I smiled to myself on the way out of Sneddon’s mock-baronial, mock-Gothic, mock-respectable mansion. I had managed to become unemployed and employed within an hour. And between John Andrews’s cheque and Sneddon’s bundle of fivers, I was already two hundred pounds richer.

The only downside was that I hadn’t a clue where to start looking, I had the City of Glasgow Police breathing down my already bruised neck, someone highly professional had given my office a thorough going over, and the Neanderthal chiropodist from hell was shadowing me.

CHAPTER FOUR

The first thing I set about doing was finding out who the girl was that Tam McGahern had been giving the seeing-to immediately before his untimely demise. No name had been mentioned. Normally I would have bought Jock Ferguson a pint in the Horsehead Bar and teased it out of him. But every time I thought about his parting shot in the car, it was like touching an electric fence around the police. It was one source — usually my most important and reliable — that I wouldn’t be able to use this time. I had no choice but to dive right on in there and go round to McGahern’s bar in Maryhill.

The Highlander Bar was surprisingly free of any cultural reference to the Highlands or Highlanders. No grand paintings on the walls of ‘Stag at Bay’ or ‘The Bonnie Prince’. Nor was there a comprehensive array of the fine single malts of Scotland behind the bar. No aroma of rain-washed heather, unless rain-washed heather smells like smoke and piss. Instead the Highlander Bar was typical of the kind of spit-and-sawdust Glasgow pubs that turned over a huge profit. This was a drinking factory. The men who came here — and there was no snug or lounge for the ladies — worked harder at their consumption of beer, fortified sherry or the cheapest blended Scotch they could find than they did in the shipyards or steelworks they had come directly from. I arrived just after opening and the Highlander Bar was already heaving. I am just shy of six foot but still felt awash in an ocean of chest-high flat caps, wreathed in a sea fog of tobacco smoke.

There were three barmen working the bar with a joyless, industrial efficiency. One seemed to be in charge, barking sideways orders to the others as he worked the pumps and the optics. He was a short, angry-looking man in a striped shirt with elasticated sleeve-garters to keep his white cuffs clear of his wrists. He spotted me across the mass of customers and frowned. He disappeared out of sight for a moment and the next thing I knew there were two cap-less thugs in cheap suits flanking me.

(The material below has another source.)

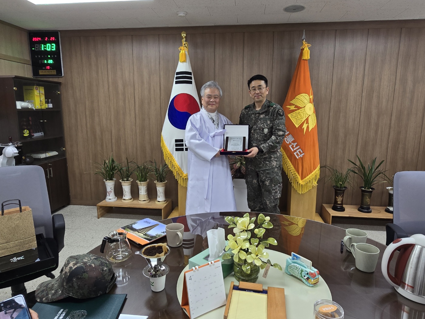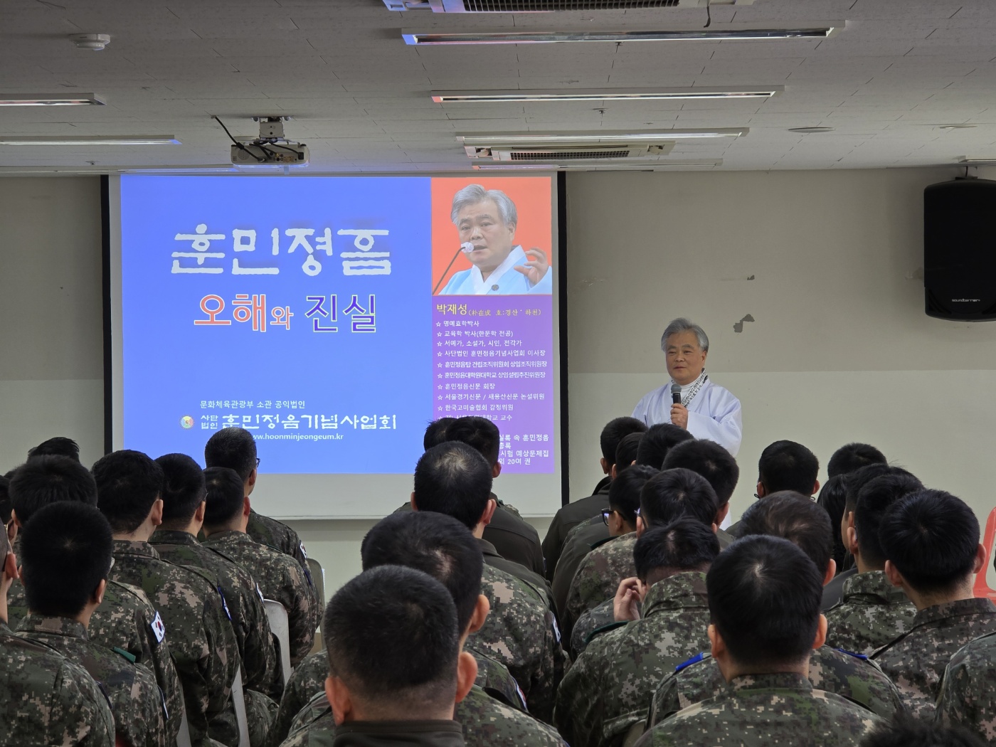 2024년 2월 29일(목) 사단법인 훈민정음기념사업회 박재성 이사장은 경기도 포천시에 있는 제5군단(군단장 김성민 중장) 예하 105정보통신여단(여단장 임성용 대령)의 초청을 받고 부대를 방문하여 오후1시부터 3시까지 '훈민정음 오해와 진실'이라는 주제로 용사 170여 명과 소속 군무원을 대상으로 특강을 하였다. 임성용 정보통신여단장은 이날 박재성 이사장에게 감사패를 증정하여 감사의 뜻을 전했다.

‘You all right, pal?’ said one with a yellow-toothed grin. He was a short, ugly youth with dirty blond hair sleeked back in panels at the side that arced into a ‘DA’ hairstyle. He was trying too hard to project friendly menace.

‘I’m fine. You?’

‘Oh the best, pal. If you don’t mind me saying, you’re not one of the usuals here.’ His companion was also smiling with the same insincere friendliness. ‘What brings you here, if you don’t mind me asking?’

I made a ‘you got me’ face. ‘I’m a reporter. To be honest I’m here because of that murder. You know, the one upstairs.’

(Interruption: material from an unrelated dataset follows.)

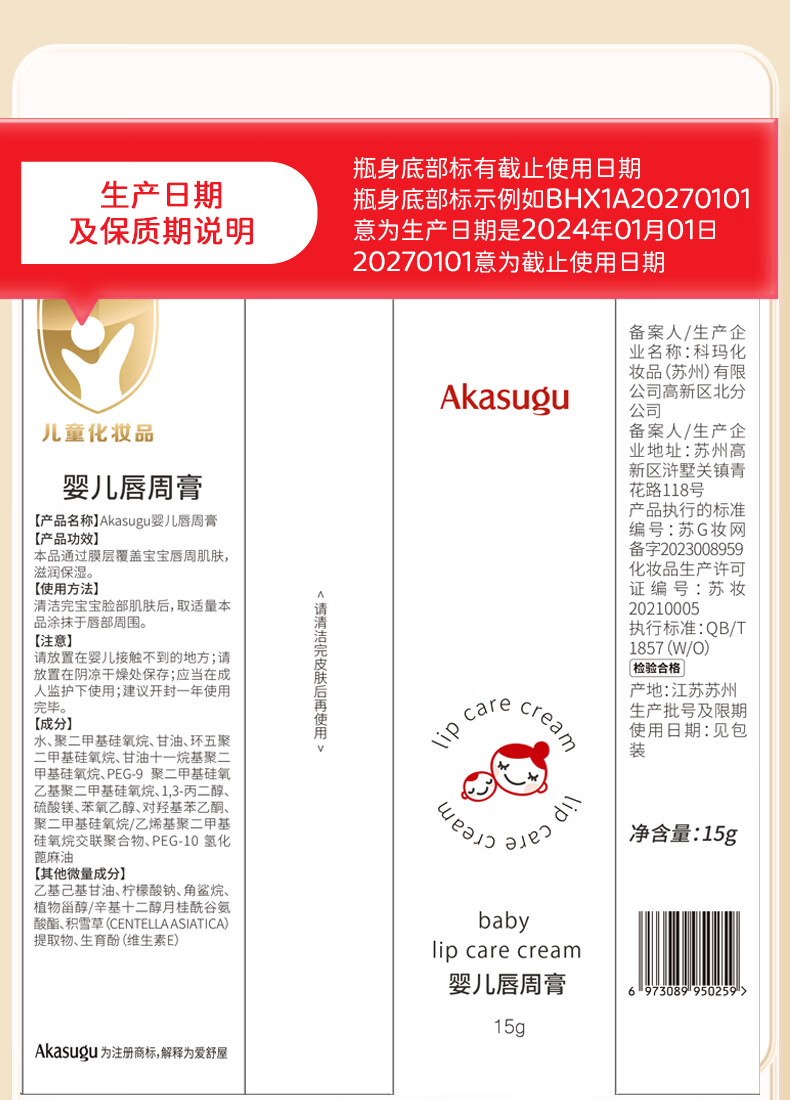 Akasugu爱舒屋婴儿唇周膏15g 宝宝口水膏护理膏嘴部滋润疹舒缓保湿面霜

A third thug came in through the doors behind me. He was bigger than the other two. But, like them, he was trying too hard to look tough.

‘It was a fucking liberty. A fucking liberty,’ said the short blond thug. ‘Mr McGahern was a gentleman. Treated everybody right. Listen, pal, we used to work for Mr McGahern. We still do, in a way. We can give you all the gen you need.’

‘You can?’

‘Oh, aye… no problem at all. Anything you need to know.’

‘And why would you do that?’

‘Because we’ll do anything to help catch the bastards that did it,’ the taller, dark-haired one said. ‘Get it all in the papers and that.’

Most of the customers were ranged four deep at the bar. In Glasgow drinking was a business so serious you did it standing up. Or standing up till you fell down. It was mostly the older men who sat at the scattered, scratched tables.

‘Okay. Let’s sit down and talk.’ I pointed to an empty table. ‘First I’ll get a round in.’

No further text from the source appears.